The drawer of the tropical
My first impression of the Jardin des plantes in Paris: a sprouting and blooming carpet of spring rolling from the garden’s gate by the Seine all the way to its heart: the Grande galerie de l’évolution. Blooming are the tens of thousands of tulips, swinging on top of the tall stretching stems under the sun. They are meticulously grown by colors. On one end of the tapestry, the softest white; on the other, the thickest purple. A subtle increase of pigment in one row after another, paving your way into the rosy midst of ecstasy long before you reach the other end. It is a great pleasure to stroll across the garden. Here nature is conceptualized as a palace and you marvel at the master’s creation. You project pillars in giant sycamores, maze in thick bushes, dome in hummock, torches and chandeliers in twigs and tendrils, and sanctuaries in the rise and fall of branches. Life imitates art. You fall into a rhapsody of plants, right under the gaze of such a culture.
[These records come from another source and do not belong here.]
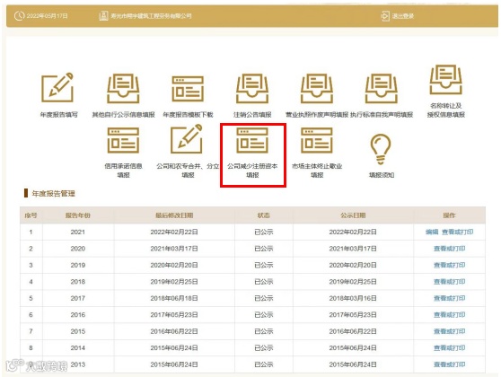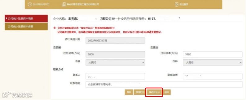 ③根据实际减资情况填写资料,【保存并公示】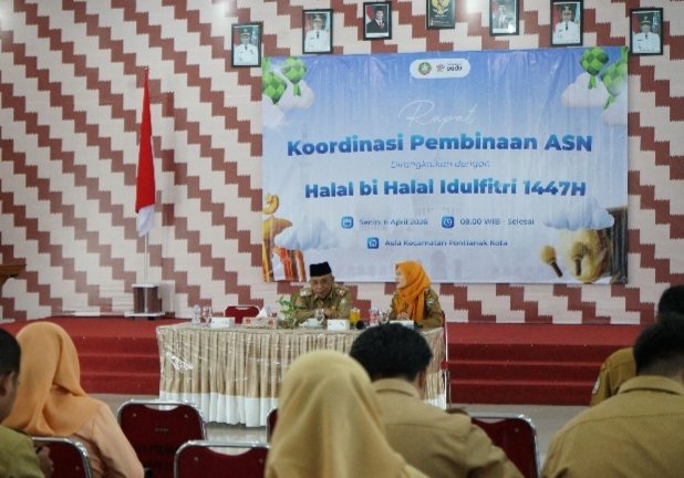 “Dan satu hal yang tidak kalah penting adalah bekerja secara tim atau teamwork karena keberhasilan penyelenggaraan pemerintahan tidak bisa dicapai secara individu, melainkan melalui kolaborasi yang solid antar perangkat daerah,” ujarnya saat memberikan arahan kepada ASN se-Kecamatan Pontianak Kota pada apel pagi dan halal bihalal di halaman Kantor Camat Pontianak Kota, Senin (6/4/2026).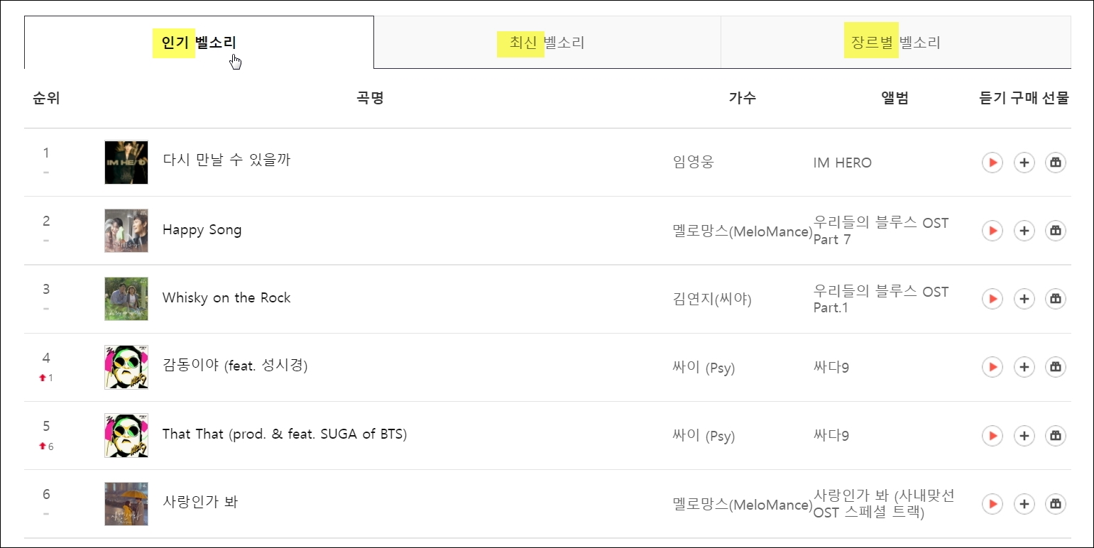 ▼저는 신뢰할 수 있는 자료를 기반으로 벨소리 순위를 알아보기 위해 통신사 사이트를 이용합니다. 통신사에서는 사람들의 음원 구매 횟수나 조회수 등의 자료를 집계할 수 있습니다. 그렇기 때문에 이곳에서 운영하는 사이트에 나온 결과가 대체로 믿을만하다고 판단됩니다. 음원을 들어볼 수 있다는 장점도 있죠.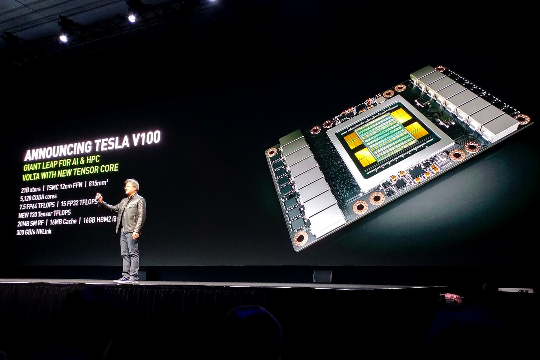 Для понимания сложности задачи, Дженсен привел такие данные: в процессе разработки архитектуры Volta и первого вычислительного процессора на его основе, получившего название Tesla V100, было потрачено три миллиарда долларов. Новый GPU включает более чем 21 млрд. транзисторов, объединяя ранее известные нам ядра CUDA и новые специализированные ядра Tensor core, обеспечивающие производительность в задачах обучения и инференса нейронных сетей, идентичную сотне CPU!

To the right side of the blooming carpet you found the Grandes Serres, two iron-and-glass structures that host guests from the tropics. They look adorable from a distance: nicely traced in green lines, with palmy shadows seen through the glazed surfaces. You come under its roof. The fine green lines turn out to be iron bars arching from high above your head all the way down. They have delineated a considerable amount of air. This air, sealed in by a height, width and depth, is for the cooking of a new climate—
Now you’re in the middle of it. The rainforest on the tip of your nose. And soon, as a cloud you swallow into your lung; a moist film sticky to your skin. Strange yet familiar. You might not be able to tell the soil or fern or moss or the luring scent of the carnivorous plant from this great fermentation jar, when everything is mixed together. But at this point, that old drawer which stores your memories lures you to pull it open. you follow the call.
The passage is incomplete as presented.